Andrew Gaul updated JCLOUDS-1521:
---------------------------------
    Component/s: jclouds-blobstore

>  Automatic computation of content length for input streams
> ----------------------------------------------------------
>
>                 Key: JCLOUDS-1521
>                 URL: https://issues.apache.org/jira/browse/JCLOUDS-1521
>             Project: jclouds
>          Issue Type: Improvement
>          Components: jclouds-blobstore
>    Affects Versions: 2.1.1
>            Reporter: Alexander Tsvetkov
>            Priority: Major
>
> I have a REST API that allows upload of potentially large files (up to 4GBs). Due to the size, I cannot load these files in-memory, as that could quickly crash my application. I also don't want to store them as temporary files, since that could fill up my disk if a lot of people decide to upload at the same time.

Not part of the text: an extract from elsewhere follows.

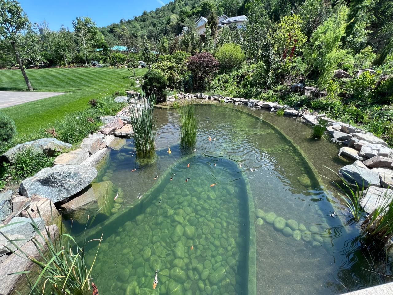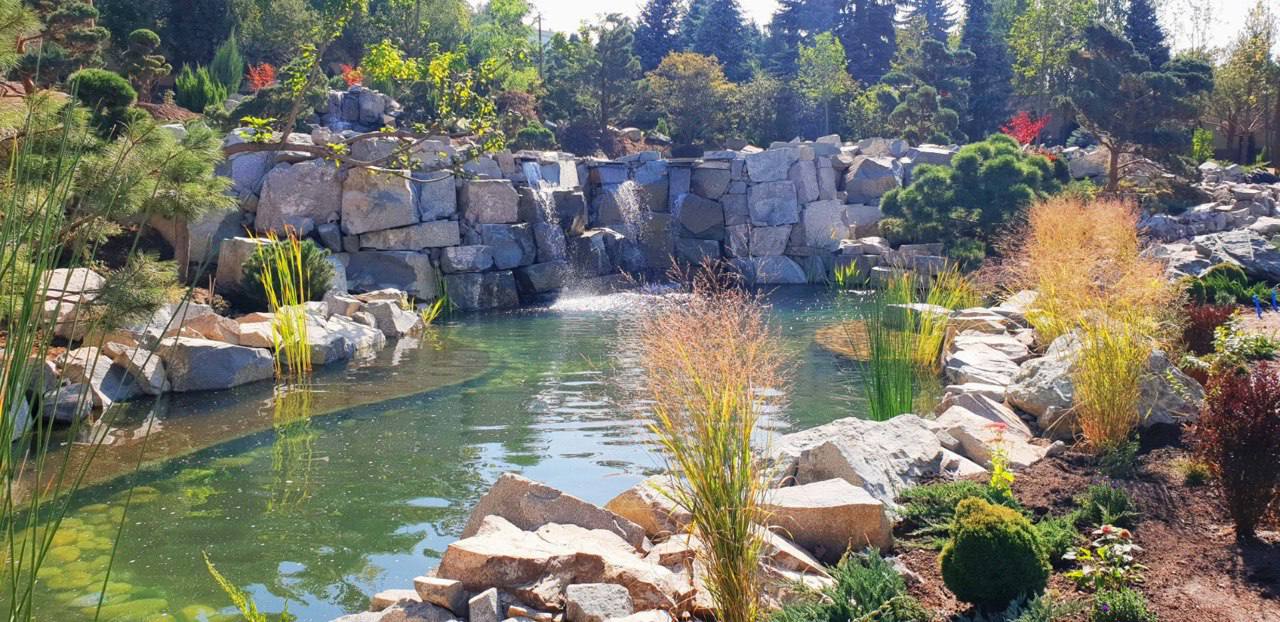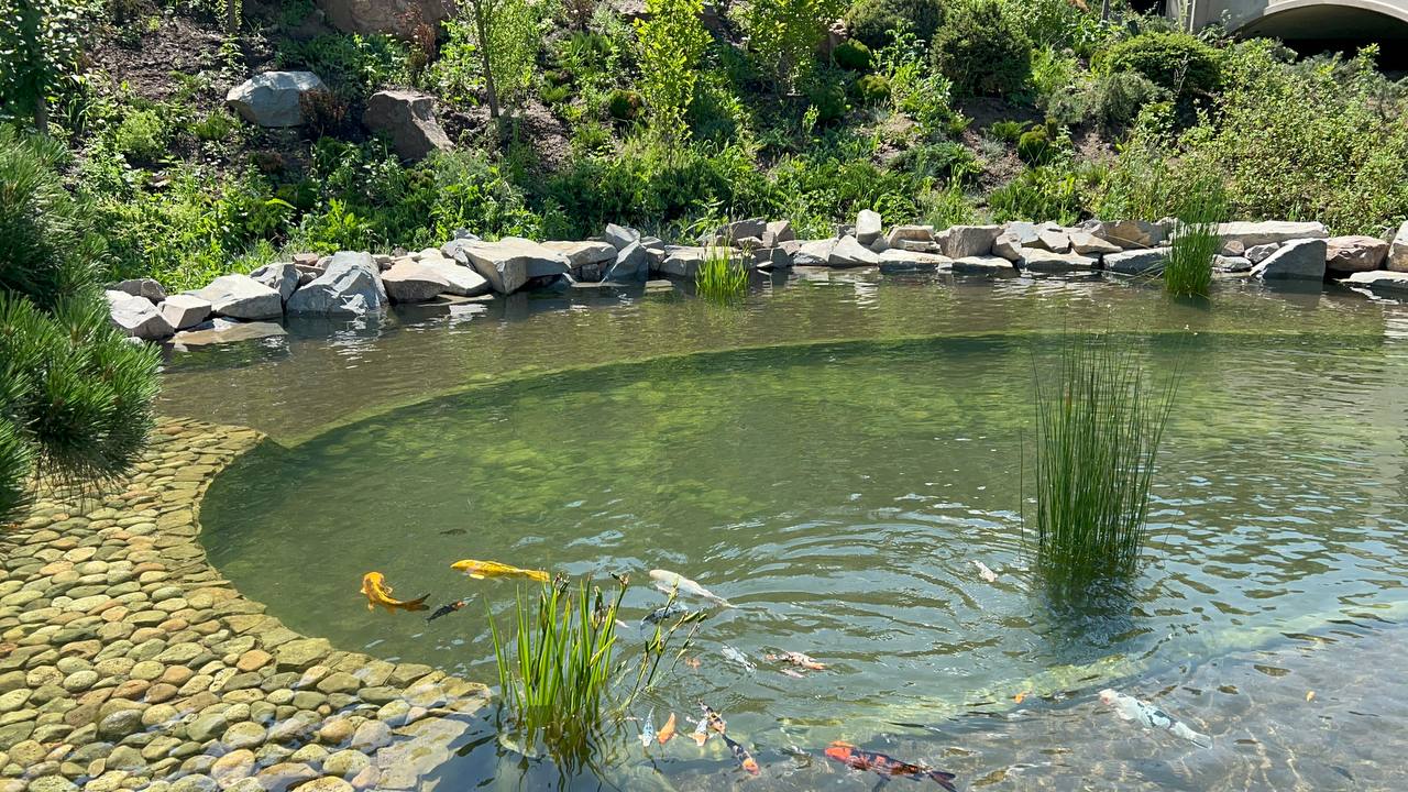 Декоративный водоём, состоящий из двух чаш, размещённых на разных уровнях, с водопадом и каскадным ручьём. Общая площадь — около 900 м². Пруд заселён японскими карпами кои.

> Instead, I want to process the incoming files as InputStreams and forward them to the S3 object store. I understand that this is not possible directly, since S3 requires the content length to be known before the upload. However, I saw on StackOverflow ([https://stackoverflow.com/questions/8653146/can-i-stream-a-file-upload-to-s3-without-a-content-length-header]) that it's possible to workaround this problem by reading the InputStream in memory in chunks of 5 (or more) MBs and uploading these chunks via the S3 multipart upload API. As a result, I assume that I'll be able to upload a 4GB file, by having no more than 5 MBs of its content stored in-memory at any given time.
> I tried to do so with JClouds (version 2.1.1), but I've hit a problem. I have the following code:
> {code:java}
> Blob blob = blobStore.blobBuilder(name)

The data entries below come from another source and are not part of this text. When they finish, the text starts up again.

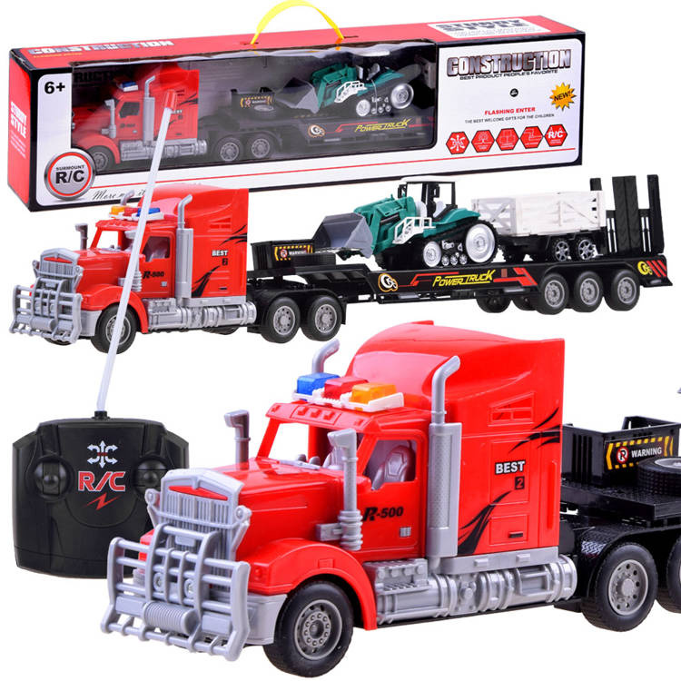 Velký, multifunkční, dálkově ovládaný Tir s přívěsem + tahač s přívěsem poskytne dvojnásobnou mega zábavu všem fanouškům dálkově ovládaných vozidel. Vynikající proporce a design jsou nespornou výhodou této sady 2 v 1. Náklaďák je skvěle osvětlený a během hry poskytuje fantastické efekty, zejména při jízdě s vypnutými světly. K nákladnímu automobilu je připojen přívěs, na kterém lze bezpečně přepravovat vozidla, jako je tahač a přívěs. Souprava se ovládá dálkovým ovladačem. Vůz má nastavení seřízení kol.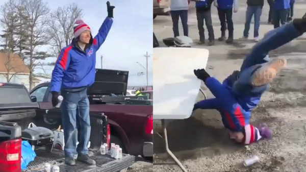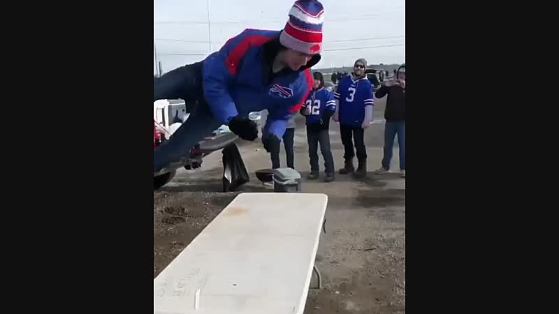We weten langzamerhand wel dat dronken Amerikanen graag door tafels heen springen. Deze acrobaat zonder ruimtelijk inzicht moet alleen nog wat oefenen en helemaal op zijn landing.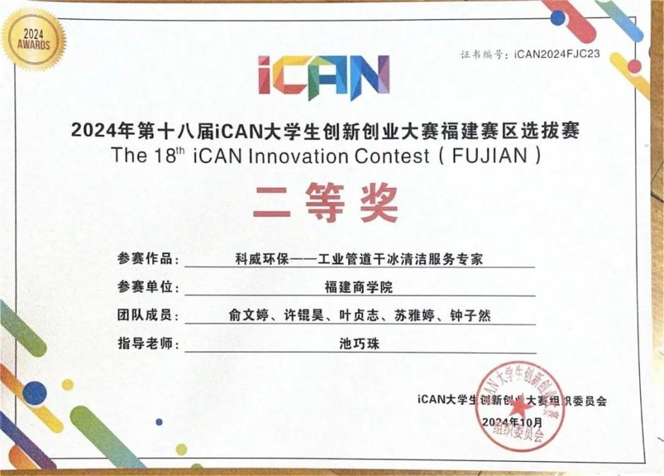 习近平总书记曾指出:“创新是引领发展的第一动力”,高校青年是创新创业的有生力量。财会学子以责任和担当积极投身于创新创业实践中。公司在第十八届iCAN老员工创新创业大赛福建赛区选拔赛的参赛作品为“科威环保——工业管道干冰清洁服务专家”与“瓷韵天下——无烟技术助力非遗柴烧传承与推广”。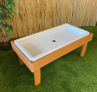 Presentamos la nueva mesa multiusos para exteriores Kids' Station. Úsala para diversas actividades, desde jugar al barro hasta disfrutar de un espacio aislado para bebidas y refrigerios. El recipiente aislado está hecho de plástico duradero moldeado por soplado y su marco exterior es de plástico reciclado que no se astilla ni se decolora. Mide 122 cm de largo x 61 cm de ancho x 16 cm de profundidad.
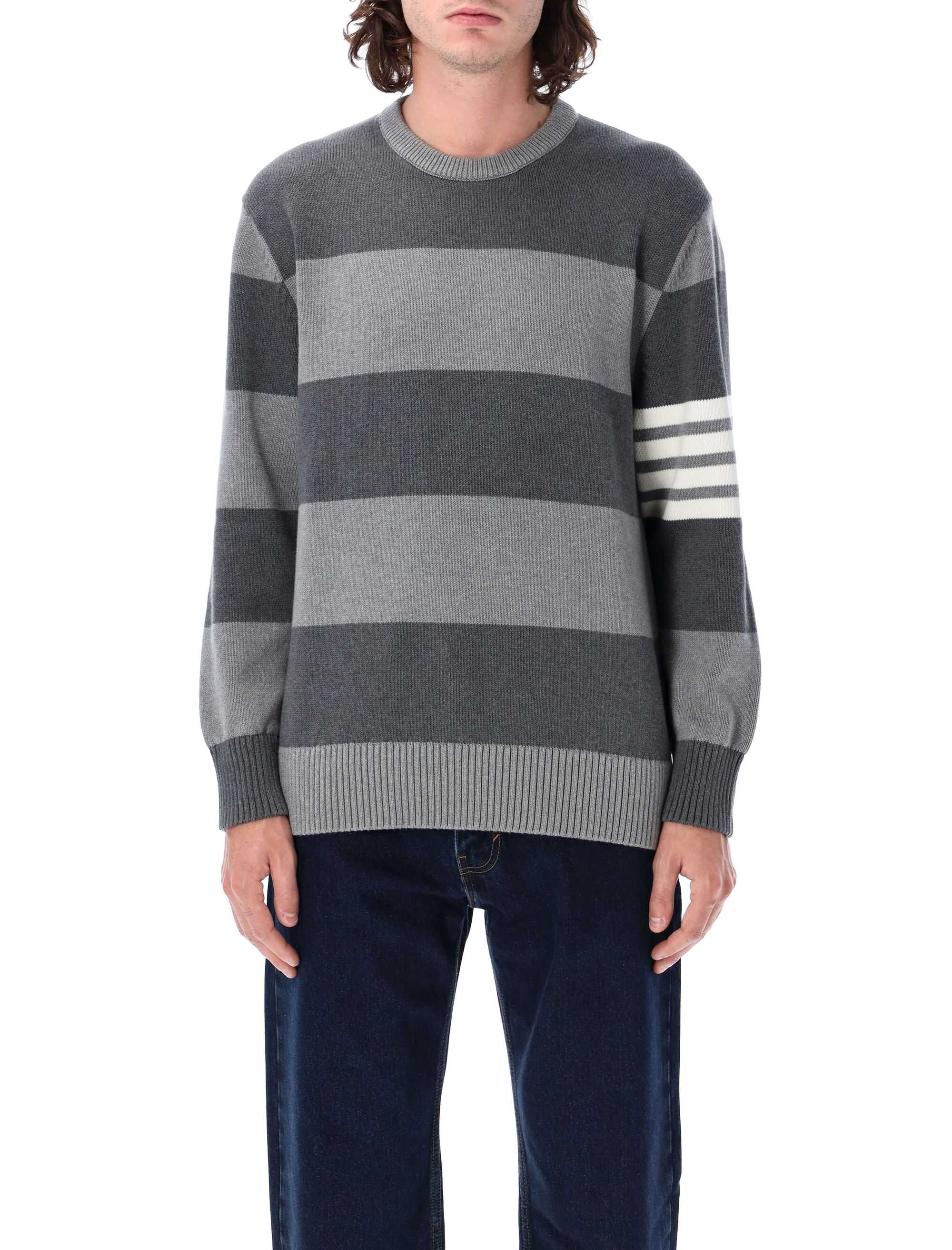 Elevate your wardrobe with the Rugby Rose Icon Sweater from Thom Browne. Crafted from 100% cotton, it features a stylish wide stripe pattern, 4-bar detailing, and a unique high-low hem. Perfect for making a statement in comfort.

>     .payload(inputStream)
>     ...
>     .build();
> blobStore.putBlob(container, blob, PutOptions.Builder.multipart());
> {code}
> If I run it like this, I get a NullPointerException, because I didn't specify the content's length:
> {code:java}
> java.lang.NullPointerException: while trying to invoke the method java.lang.Long.longValue() of a null object returned from org.jclouds.io.MutableContentMetadata.getContentLength()
>    at org.jclouds.blobstore.internal.BaseBlobStore.putMultipartBlob(BaseBlobStore.java:356)
>    at org.jclouds.blobstore.internal.BaseBlobStore.putMultipartBlob(BaseBlobStore.java:347)
>    at org.jclouds.aws.s3.blobstore.AWSS3BlobStore.putBlob(AWSS3BlobStore.java:79)
> {code}
> I think it would be possible for JClouds to compute the size of the InputStream dynamically:
>  # Slice the stream into chunks of X MBs and store the chunks in-memory (where X has a default value but is also configurable).
>  # Upload the chunks sequentially - the content length header can be set to X MBs.
>  # Finalize the multipart upload.
> That way, no more than X MBs will be stored in memory for any given upload.
> Would you accept a pull request for this?
> PS: I've set the priority to blocker, because we really can't use JClouds for our upload right now, because of the memory and disk space concerns listed above.